## DESCRIPTION OF THE TASK
Below are the entries. Print only the lines starting at the one with "Linear chain earrings" and ending at the one with "Avec son message", exactly, with no pictures.

## INFORMATION
##########
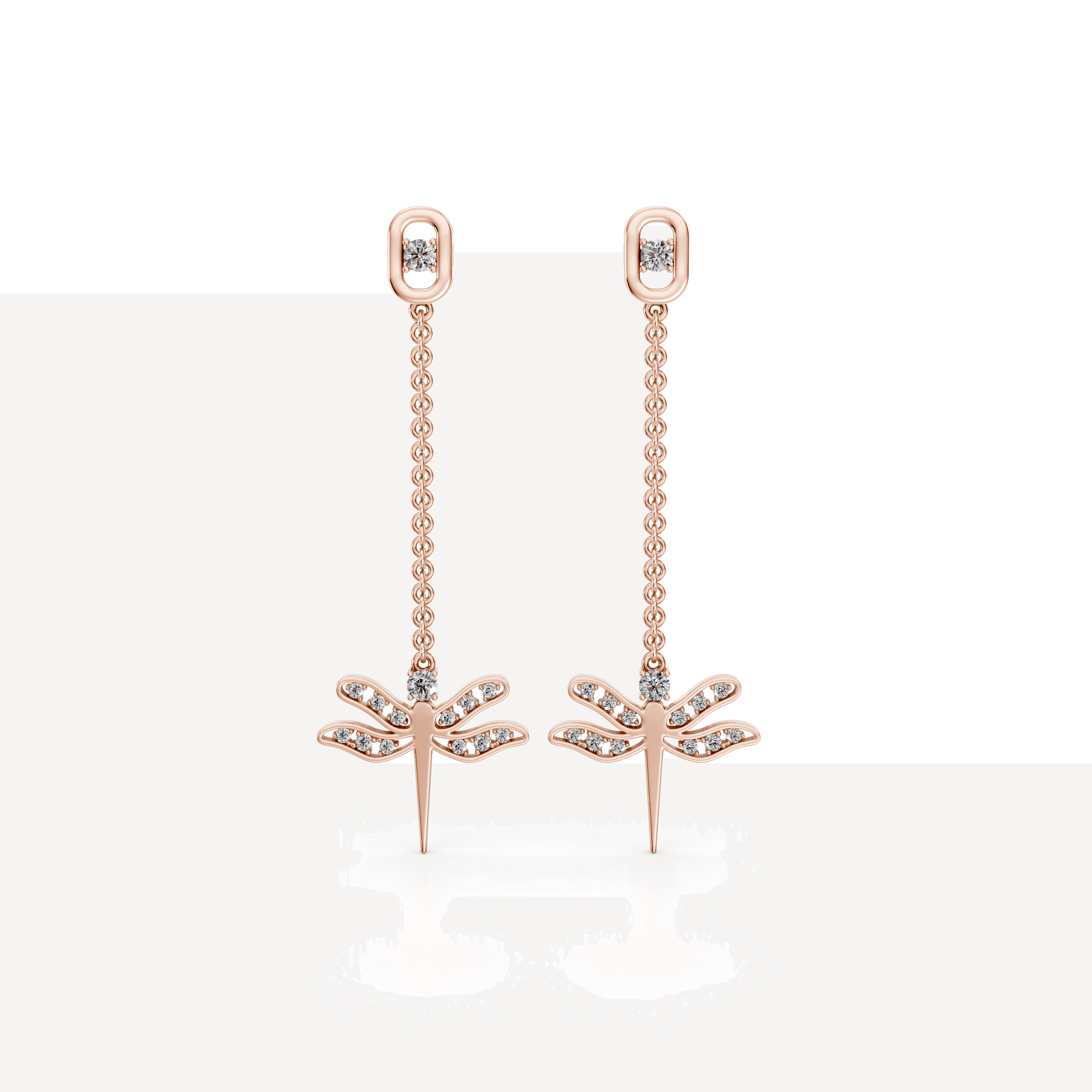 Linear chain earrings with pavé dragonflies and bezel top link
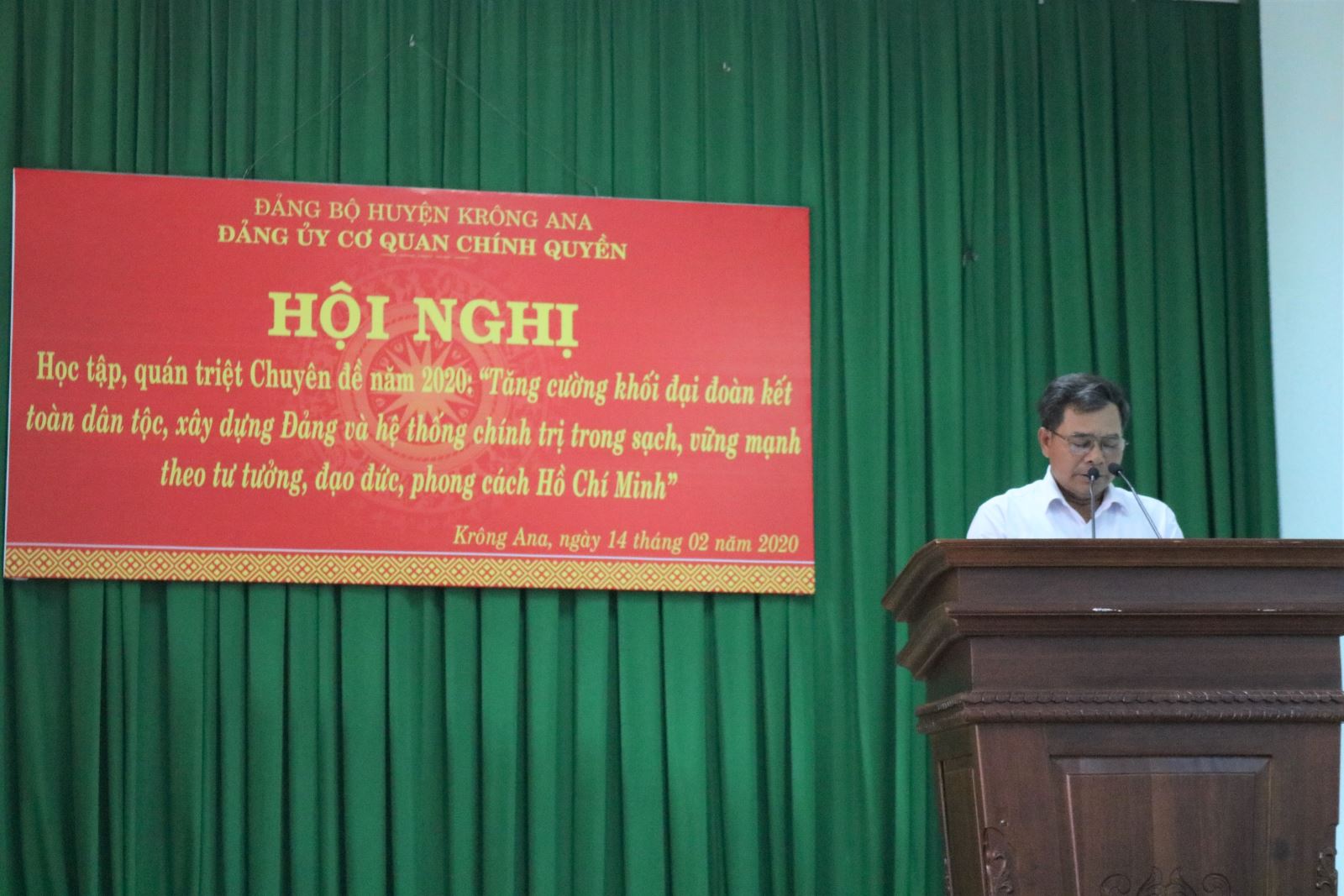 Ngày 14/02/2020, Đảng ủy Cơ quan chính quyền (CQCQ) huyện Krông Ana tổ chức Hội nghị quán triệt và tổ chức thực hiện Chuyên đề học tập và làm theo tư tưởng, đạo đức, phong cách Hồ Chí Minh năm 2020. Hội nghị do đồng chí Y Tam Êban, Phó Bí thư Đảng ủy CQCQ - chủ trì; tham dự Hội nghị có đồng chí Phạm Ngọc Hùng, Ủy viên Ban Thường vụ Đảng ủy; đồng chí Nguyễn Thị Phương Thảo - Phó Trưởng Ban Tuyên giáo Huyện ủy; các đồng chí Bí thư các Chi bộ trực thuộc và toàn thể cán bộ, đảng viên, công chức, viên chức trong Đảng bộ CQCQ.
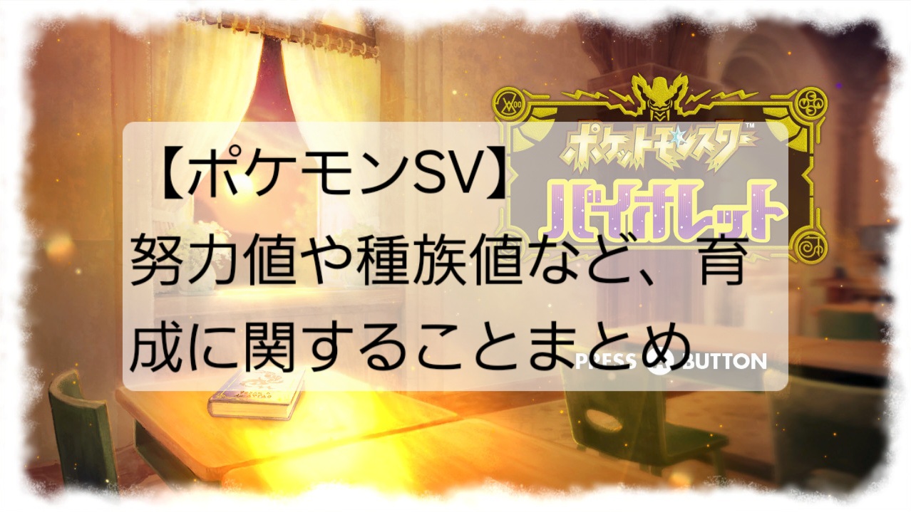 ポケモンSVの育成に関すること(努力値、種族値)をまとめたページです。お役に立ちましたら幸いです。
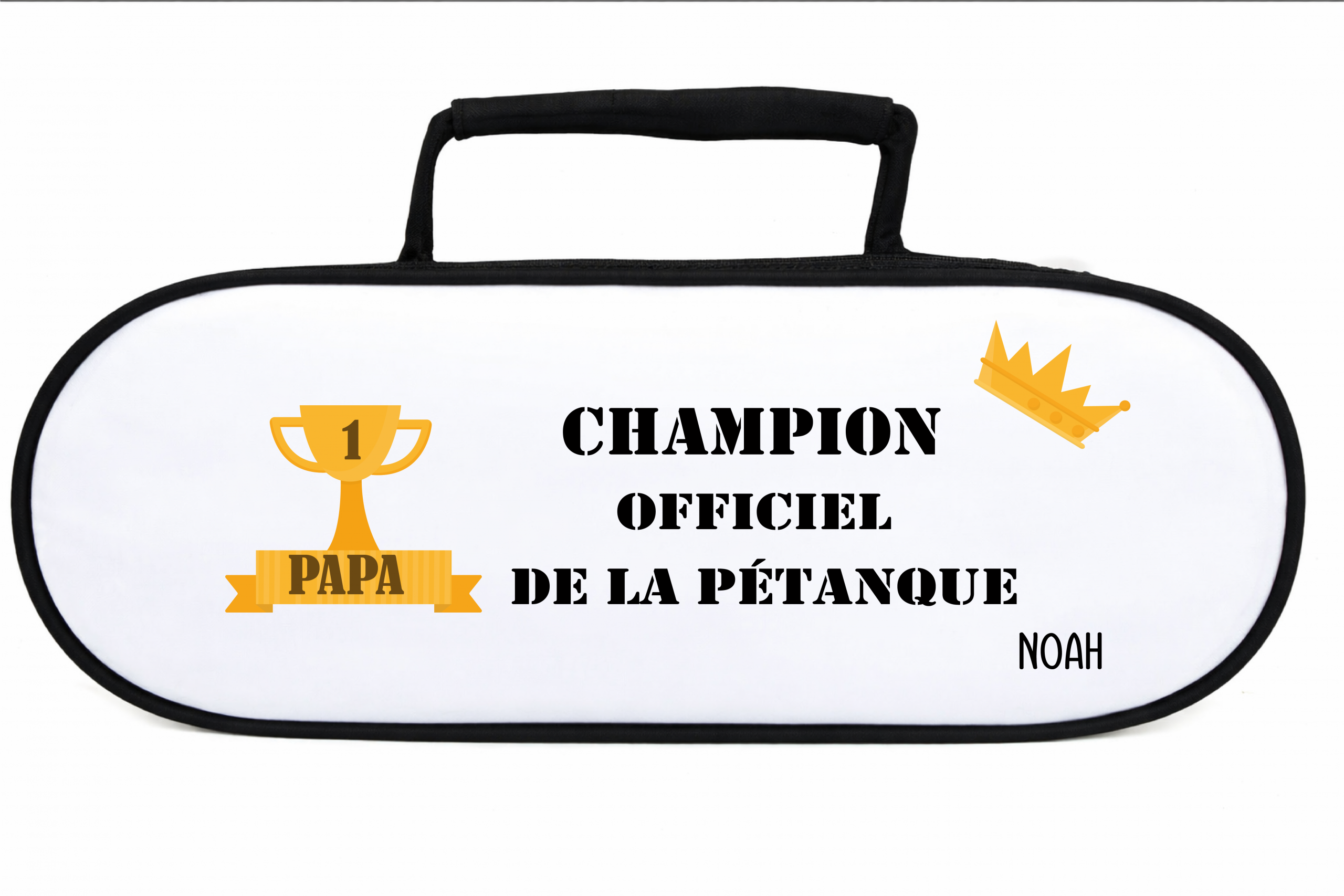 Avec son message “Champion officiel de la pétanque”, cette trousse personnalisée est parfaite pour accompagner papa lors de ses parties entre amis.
##########
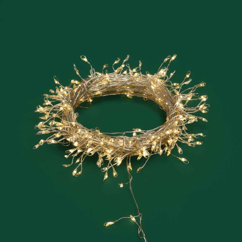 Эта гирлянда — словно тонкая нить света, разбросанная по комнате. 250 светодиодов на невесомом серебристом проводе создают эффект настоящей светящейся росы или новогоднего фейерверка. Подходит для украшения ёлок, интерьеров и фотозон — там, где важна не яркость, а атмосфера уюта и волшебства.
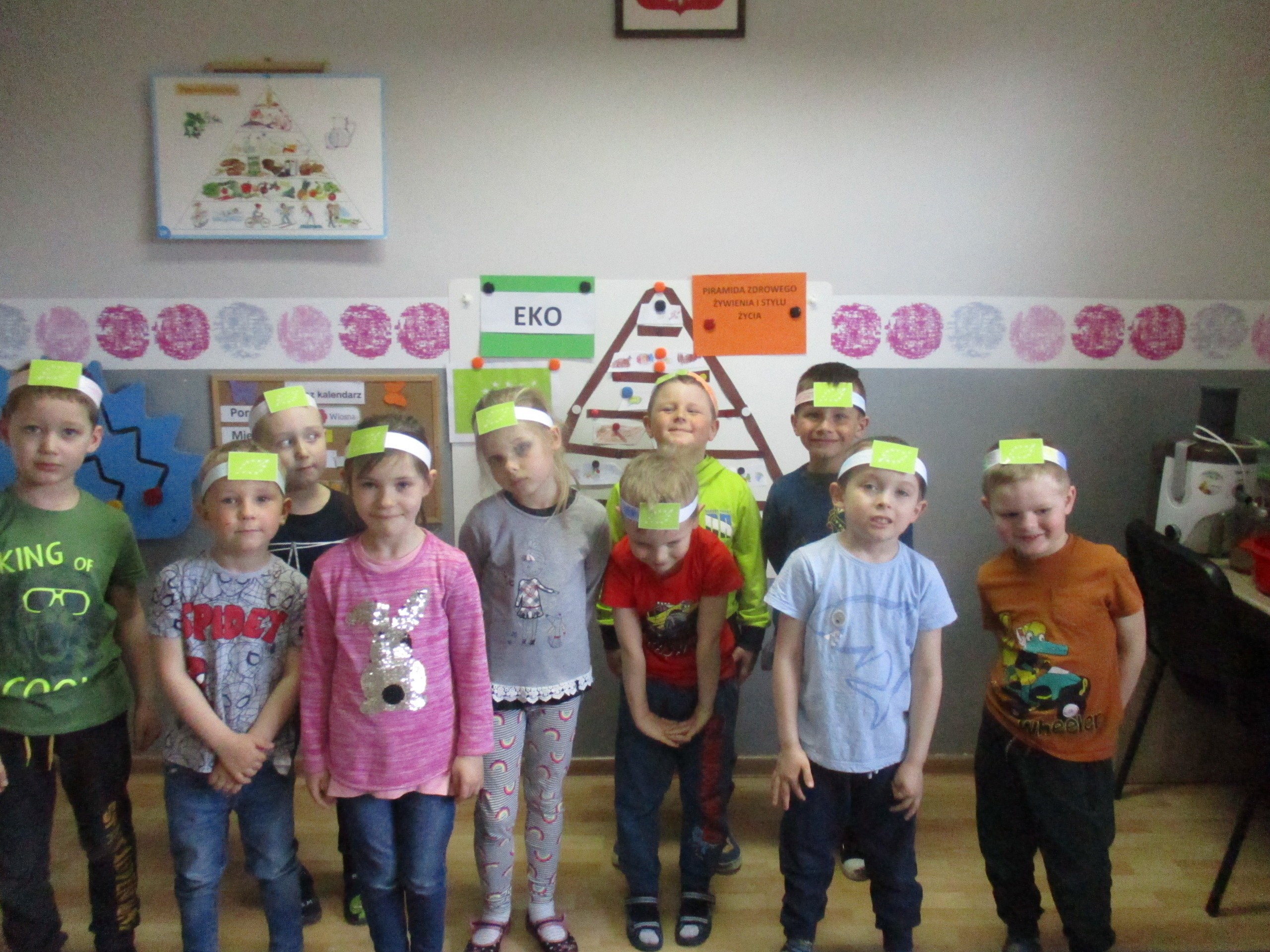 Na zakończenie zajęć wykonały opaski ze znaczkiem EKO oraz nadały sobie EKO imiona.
##########
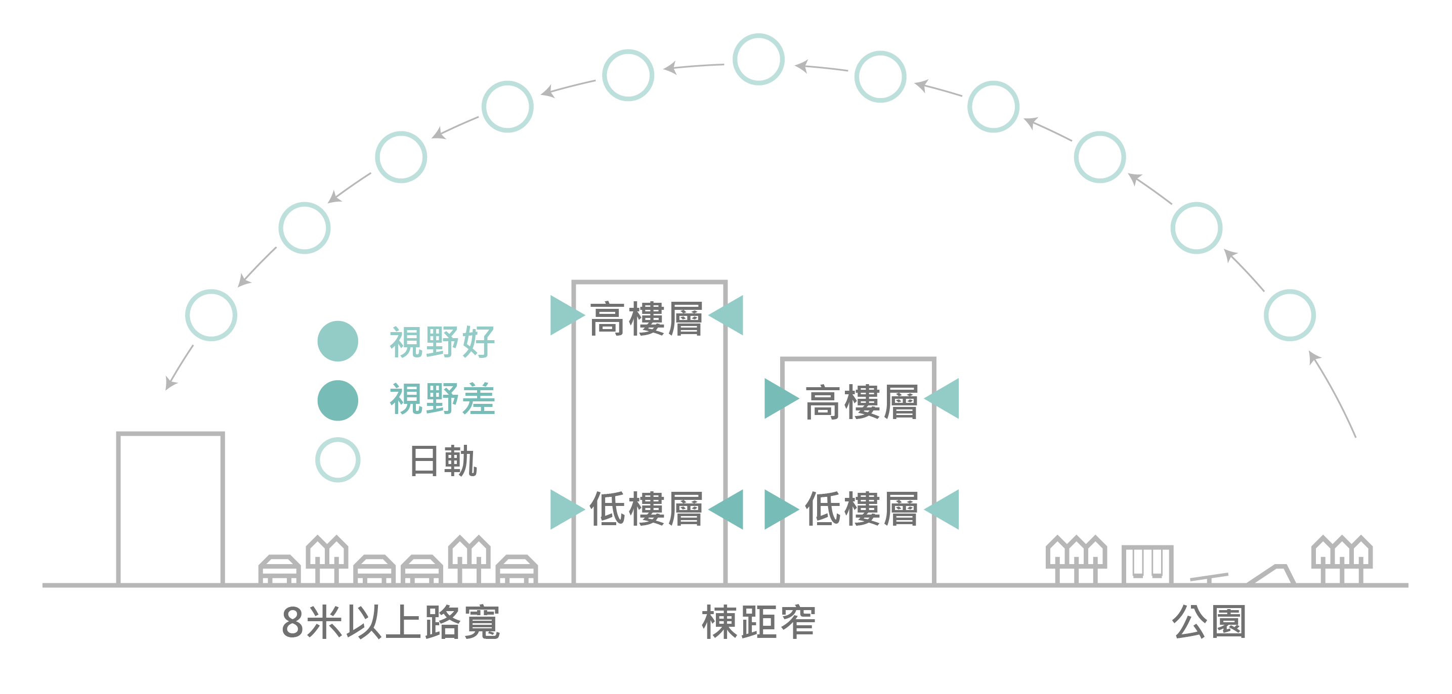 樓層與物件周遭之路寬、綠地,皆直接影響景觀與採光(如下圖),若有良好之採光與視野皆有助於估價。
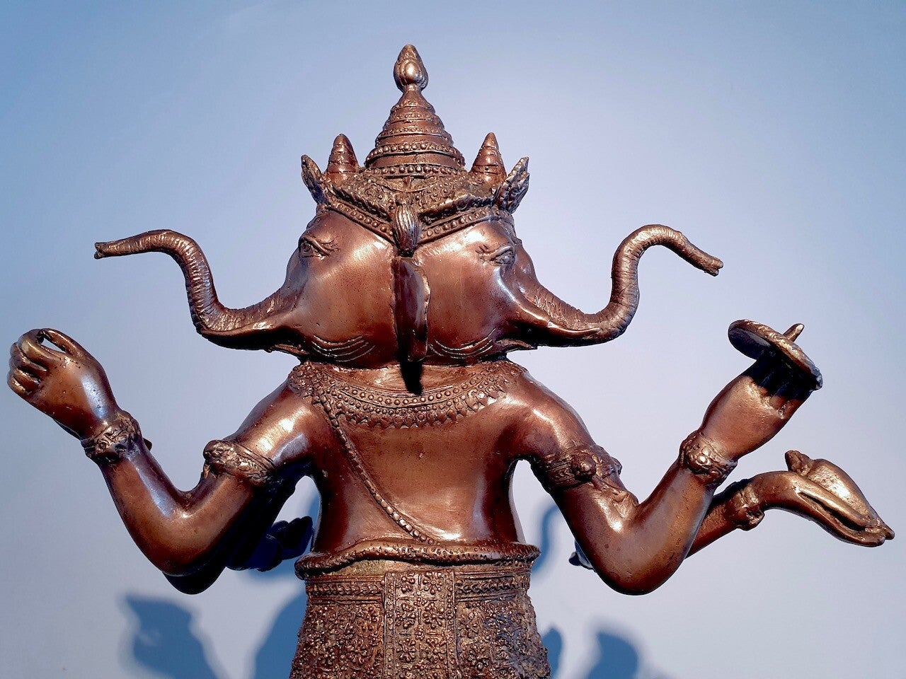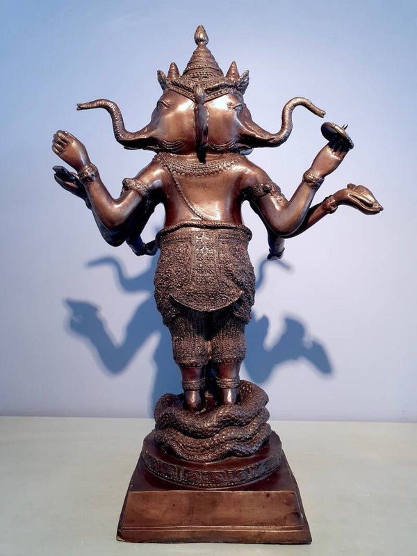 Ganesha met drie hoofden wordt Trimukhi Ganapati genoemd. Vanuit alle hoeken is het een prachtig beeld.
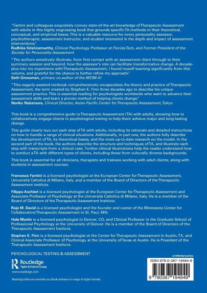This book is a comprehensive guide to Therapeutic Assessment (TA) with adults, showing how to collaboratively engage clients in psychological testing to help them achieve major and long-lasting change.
##########
## TASK RESPONSE
 Linear chain earrings with pavé dragonflies and bezel top link
 Ngày 14/02/2020, Đảng ủy Cơ quan chính quyền (CQCQ) huyện Krông Ana tổ chức Hội nghị quán triệt và tổ chức thực hiện Chuyên đề học tập và làm theo tư tưởng, đạo đức, phong cách Hồ Chí Minh năm 2020. Hội nghị do đồng chí Y Tam Êban, Phó Bí thư Đảng ủy CQCQ - chủ trì; tham dự Hội nghị có đồng chí Phạm Ngọc Hùng, Ủy viên Ban Thường vụ Đảng ủy; đồng chí Nguyễn Thị Phương Thảo - Phó Trưởng Ban Tuyên giáo Huyện ủy; các đồng chí Bí thư các Chi bộ trực thuộc và toàn thể cán bộ, đảng viên, công chức, viên chức trong Đảng bộ CQCQ.
 ポケモンSVの育成に関すること(努力値、種族値)をまとめたページです。お役に立ちましたら幸いです。
 Avec son message “Champion officiel de la pétanque”, cette trousse personnalisée est parfaite pour accompagner papa lors de ses parties entre amis.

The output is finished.